On the demand side, dropping prices tend to increase the quantity of the product consumed, everything else the same. What about the supply side? In a principles of economics class, we preach that as prices fall, everything else equal, the quantity supplied will fall. We also preach that as the price of one good falls the supply of substitutes in production should increase as producers switch production to higher priced products.

As coffee is a substitute in production to cocoa, wouldn't cocoa farmers switch production to coffee? We would expect this to happen if the farmers actually sold cocaine and coffee to the end consumer, but they don't.

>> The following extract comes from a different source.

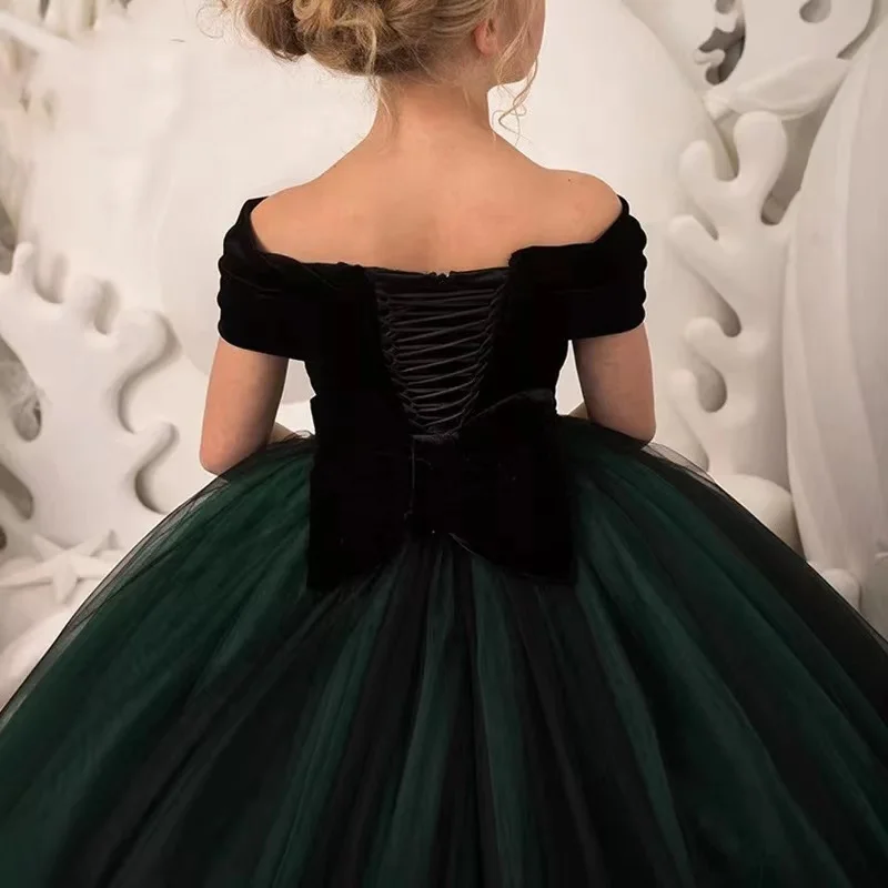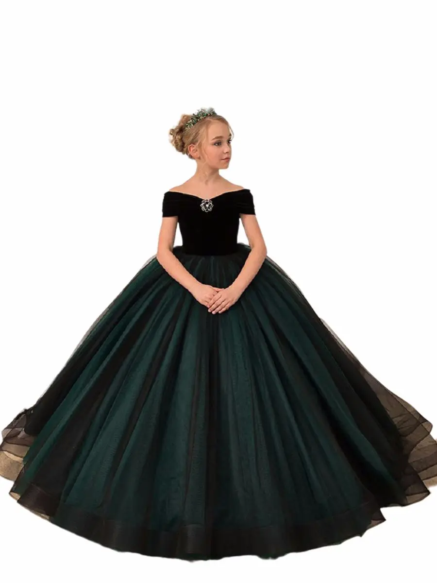 Детские платья для девочек, элегантные длинные платья из зеленого т...

Coffee farmers sell their beans to coffee processors, who have formed a fairly good cartel in recent years and have pushed down the price that coffee farmers receive for their product, even as the price of coffee increases for the end consumer (here is an MSNBC story, although I remember a story in the Wall Street Journal discussing the same issue).

The cocoa farmer does not receive the full value of cocoa converted to cocaine - the drug cartel and drug dealer take the majority of the profit - they bear risk and are able to bid farmer-prices down. Similarly, the coffee farmer does not receive the full value of her coffee beans - the cartel bears some risk and is also able to bid prices down. Evidently, the coffee cartel has been more successful in driving its price down than the drug cartel.

Thus, for an increasing number of coffee farmers it is more profitable to produce cocoa. Therefore, contrary to what the simple demand-supply model would predict, as long as the drug and coffee markets are structured as they are (especially the coffee market), the price of drugs to the end user will continue to fall and the price of coffee to the end user will continue to increase.

This is a lesson for students of economics. It is important to recognize the power and the limitations of the supply-demand model. Supply and demand, as we teach in principles courses, assumes perfect competition on both sides of the market. While consumers are likely competitive agents (that is "price takers") in both the market for coffee and the market for drugs, the supply-side of each market is not perfectly competitive. Therefore, while the model helps conceptualize some aspects of both the coffee and drug markets, it is not completely appropriate and requires a bit of "tweaking."